“Burke shows again that he’s not just a comic genius, but also a fine dramatic writer and storyteller.” – Booklist. “Prose both scabrous and poetic.” – Publishers Weekly. “Proust meets Chandler over a pint of Guinness.” – Spectator. “Among the most memorable books of the year, of any genre.” – Sunday Times. “A hardboiled delight.” – Guardian. “Imagine Donald Westlake and Richard Stark collaborating on a screwball noir.” – Kirkus Reviews. “A cross between Raymond Chandler and Flann O’Brien.” – John Banville.

Monday, November 4, 2013

The Derry Air

There’s something special in the Derry air, alright. About the only downside to the weekend’s trip to Derry for the ‘Killer Books’ festival was that I was still stuck on the M50 on the way home on Sunday evening when Sligo Rovers scored the winner in the Cup Final about three hours into injury time.
  Other than that, ‘Killer Books’ made for a very fine weekend indeed. As always, the best part of such events is meeting fellow scribes, such as Lee Child and Desmond Doherty (right and righter).

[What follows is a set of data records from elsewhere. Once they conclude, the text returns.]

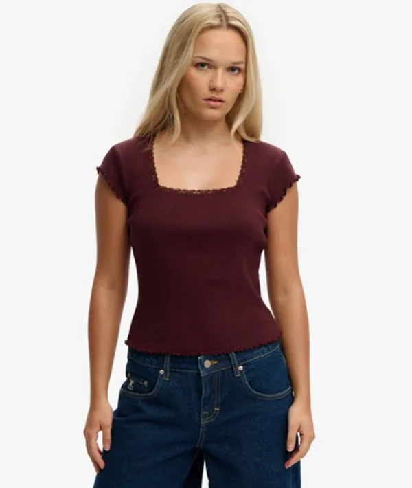 Slim fit - ontworpen om nauwer om het lichaam te vallen voor een meer getailleerde look Vierkante hals met kanten afwerking Golvende zoom aan mouwen en onderkant Geborduurd Superdry-logo op de zoom De basis van elke comfortabele casual outfit begint altijd met ons Athletic Essentials T-shirt met vierkante hals. Combineer met cargo- of carpentersbroeken voor een authentiek chique streetlook, met een vrouwelijke touch dankzij de zorgvuldig ontworpen kanten halslijn. Perfect veelzijdig en klaar om
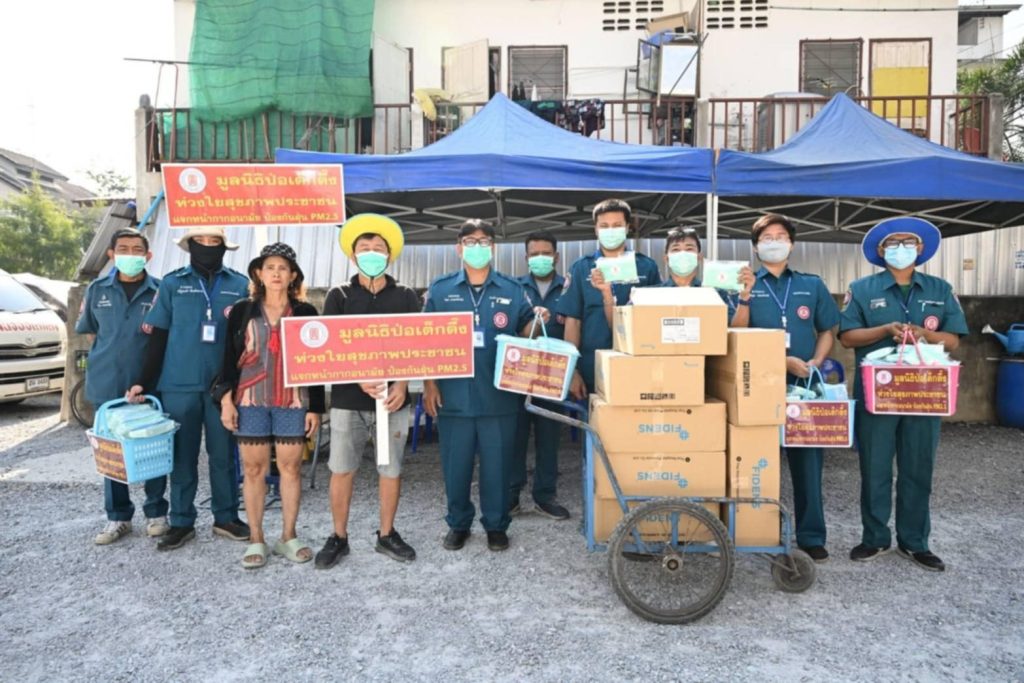 ตามที่ประเทศไทยเกิดมหันตภัยค่าฝุ่น PM2.5 เกินมาตรฐานในหลายพื้นที่ โดยเฉพาะอย่างยิ่งกรุงเทพมหานครและจังหวัดใกล้เคียง ส่งผลกระทบแก่ประชาชนในพื้นที่เป็นอย่างยิ่ง คณะกรรมการมูลนิธิป่อเต็กตึ๊ง มอบหมายให้นายอรัณย์ โตทวด ผู้จัดการใหญ่มูลนิธิฯ จัดทีมฝ่ายสังคมสงเคราะห์ เร่งนำทีมลงพื้นที่แจกจ่ายหน้ากากอนามัยให้กับประชาชนในพื้นที่ 10 เขต กรุงเทพมหานคร
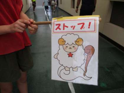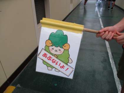 大放課や昼放課になると、たくさんの神山っ子たちが渡り廊下を移動します。みんなが安全に通行できるように、生活委員さんが、かみたんとやまたんの旗をもって、みんなに声かけをしてくれています。おかげで、みんな右側通行ができて、ぶつかることもなくなりました。生活委員さん、かみたん、やまたん、ありがとう!
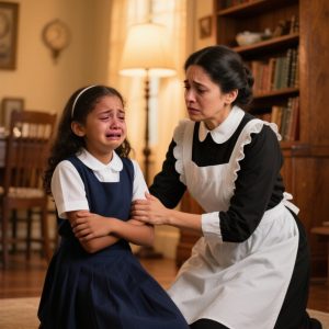 In a grand mansion, where luxury and gold gleamed in every corner, a dark secret hid behind its ornate walls. A little girl, her eyes filled with tears...
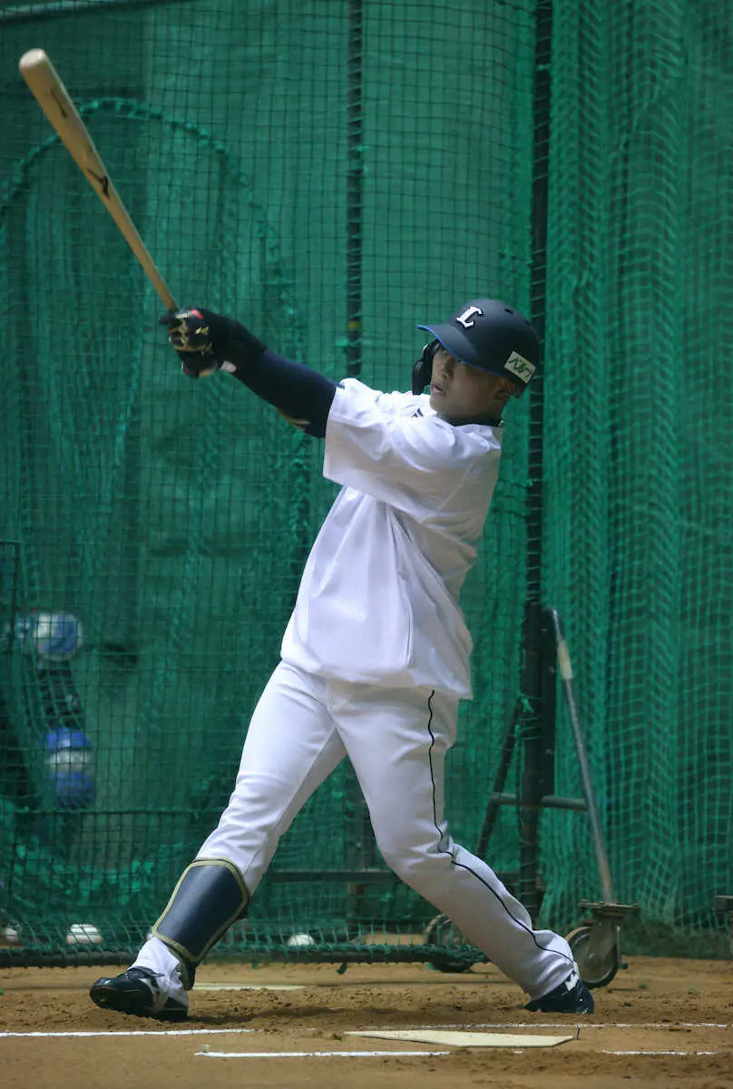 西武ドラフト1位の蛭間(早大)はフリー打撃で鋭いライナー性の当たりを連発。「思っている以上に力が入ってしまったけど、先輩方がいろいろ教えてくれてやりやすかった」と感謝した。

I also had a couple of brief-but-lovely chats with Claire McGowan, Andrew Pepper, Stuart Neville, William Ryan, John McAllister, Arlene Hunt, Alan Glynn, Stephen Mearns and Ann Cleeves.
  On Friday afternoon I had the honour of taking part in a panel discussion on comedy crime fiction alongside Colin Bateman (who was a busy man, given that his ‘Teenage Kicks’ punk musical opened in Derry over the weekend) and Gerard Brennan, all of which was moderated in some style by the great Garbhan Downey.
  All told, ‘Killer Books’ was a huge credit to its curator, Brian McGilloway, who launched his latest offering, HURT, on the Friday evening. Here’s hoping that ‘Killer Books’ in Derry becomes an annual event …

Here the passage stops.